▶ COLLECTED MATERIAL:

^^^^

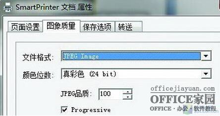 三、这台Smart Printer虚拟打印机支持将Word文档打印成PDF、BMP、JPEG等多种格式。想要选择输出格式的话,可以进入“图像质量”选项卡,在“文件格式”下拉菜单中选择想转换的格式;以图片为例,接着设置好颜色位数、JPEG品质等参数,点击“确定”切换回打印页面即可打樱
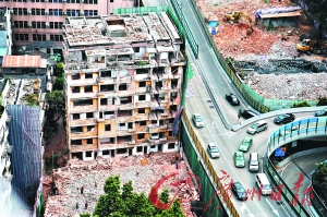 昨天下午,在東濠涌高架橋東側(cè)的圍蔽區(qū)內(nèi),錢路頭后街15號、18號兩棟樓早已完成拆遷,等待拆除。15號是一棟八層住宅樓,西側(cè)幾乎與高架橋“臉貼臉”?删驮诰嚯x高架橋幾米處,兩道幾十厘米寬的裂縫從樓頂直灌而下,裂縫中間只有數(shù)根鋼筋相連。從對面高樓往下望,筆直的裂縫直通地面,就好像用斧子劈開的一樣。
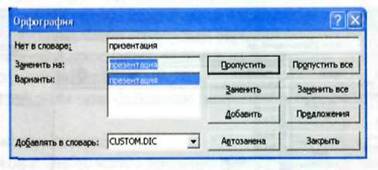 Мал.25.1. Обравши "Выдачи" ви можете настроїти в області "Выдачи" роз печатку роздаточного матеріалу. Можна настроїти тут також кількість слайдів на сторінці та порядок їх розташування. В області "Диапазон печати" можна обрати роз печатку всіх слайдів, слайдів із якогось діапазону або слайдів і якимись номерами. В строчці "Цвет или оттенки серого" можна в залежності від підключеного принтеру, обрати варіант роз печатки слайдів: в кольори, в сірих полу тонах або чорно-білий (без відтінків сірого). Встановивши прапорець "Масштабировать по листу", таким чином ви вкажете PowerPoint масштабувати слайд при роздрукуванні таким чином, щоб він займав максимальну величину листка. Прапорець "Обрамления слайдов" добавить при роз печатці рамки кругом слайдів. А встановивши прапорець "Печать примечания и рукописные примечания" дозволить розпечатати сторінки із примітками до слайдів. Після настройки всіх параметрів роз печатки, натисніть на "ОК" для відправки слайдів на принтер. 5.1 Перевірка правописуДля того щоб перевірити правопис, потрібно натиснути на клавішу "F8" на клавіатурі. Виявивши в тексті помилку, PowerPoint закінчить процес перевірки правопису та запропонує вам варіант виправлення (мал.26.1). Якщо ви згодні із PowerPoint, то клацніть по кнопці "Заменить", якщо ж ні то по кнопці "Пропустить".
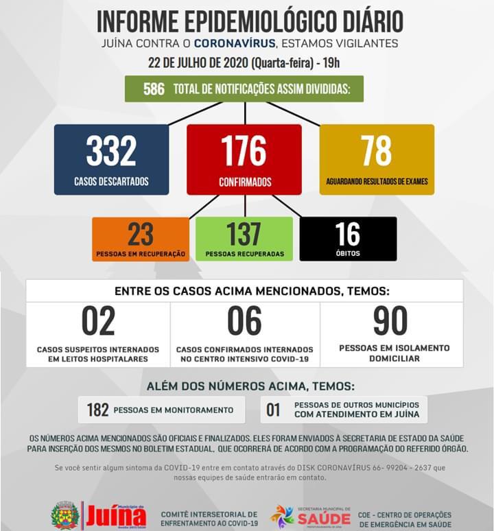 Segundo o Informe Epidemiológico Diário divulgado pela Secretaria Municipal de Saúde na quarta-feira, dia 22 de julho, já foram confirmados 176 casos do novo coronavírus em Juína, desses, 23 pessoas estão com a doença na fase ativa, 137 pessoas já se recuperaram e aumentou para 16 o número de óbitos em decorrência da doença.

^^^^

Set the material above down again word for word. Include none of its pictures.

 三、这台Smart Printer虚拟打印机支持将Word文档打印成PDF、BMP、JPEG等多种格式。想要选择输出格式的话,可以进入“图像质量”选项卡,在“文件格式”下拉菜单中选择想转换的格式;以图片为例,接着设置好颜色位数、JPEG品质等参数,点击“确定”切换回打印页面即可打樱
 昨天下午,在東濠涌高架橋東側(cè)的圍蔽區(qū)內(nèi),錢路頭后街15號、18號兩棟樓早已完成拆遷,等待拆除。15號是一棟八層住宅樓,西側(cè)幾乎與高架橋“臉貼臉”?删驮诰嚯x高架橋幾米處,兩道幾十厘米寬的裂縫從樓頂直灌而下,裂縫中間只有數(shù)根鋼筋相連。從對面高樓往下望,筆直的裂縫直通地面,就好像用斧子劈開的一樣。
 Мал.25.1. Обравши "Выдачи" ви можете настроїти в області "Выдачи" роз печатку роздаточного матеріалу. Можна настроїти тут також кількість слайдів на сторінці та порядок їх розташування. В області "Диапазон печати" можна обрати роз печатку всіх слайдів, слайдів із якогось діапазону або слайдів і якимись номерами. В строчці "Цвет или оттенки серого" можна в залежності від підключеного принтеру, обрати варіант роз печатки слайдів: в кольори, в сірих полу тонах або чорно-білий (без відтінків сірого). Встановивши прапорець "Масштабировать по листу", таким чином ви вкажете PowerPoint масштабувати слайд при роздрукуванні таким чином, щоб він займав максимальну величину листка. Прапорець "Обрамления слайдов" добавить при роз печатці рамки кругом слайдів. А встановивши прапорець "Печать примечания и рукописные примечания" дозволить розпечатати сторінки із примітками до слайдів. Після настройки всіх параметрів роз печатки, натисніть на "ОК" для відправки слайдів на принтер. 5.1 Перевірка правописуДля того щоб перевірити правопис, потрібно натиснути на клавішу "F8" на клавіатурі. Виявивши в тексті помилку, PowerPoint закінчить процес перевірки правопису та запропонує вам варіант виправлення (мал.26.1). Якщо ви згодні із PowerPoint, то клацніть по кнопці "Заменить", якщо ж ні то по кнопці "Пропустить".
 Segundo o Informe Epidemiológico Diário divulgado pela Secretaria Municipal de Saúde na quarta-feira, dia 22 de julho, já foram confirmados 176 casos do novo coronavírus em Juína, desses, 23 pessoas estão com a doença na fase ativa, 137 pessoas já se recuperaram e aumentou para 16 o número de óbitos em decorrência da doença.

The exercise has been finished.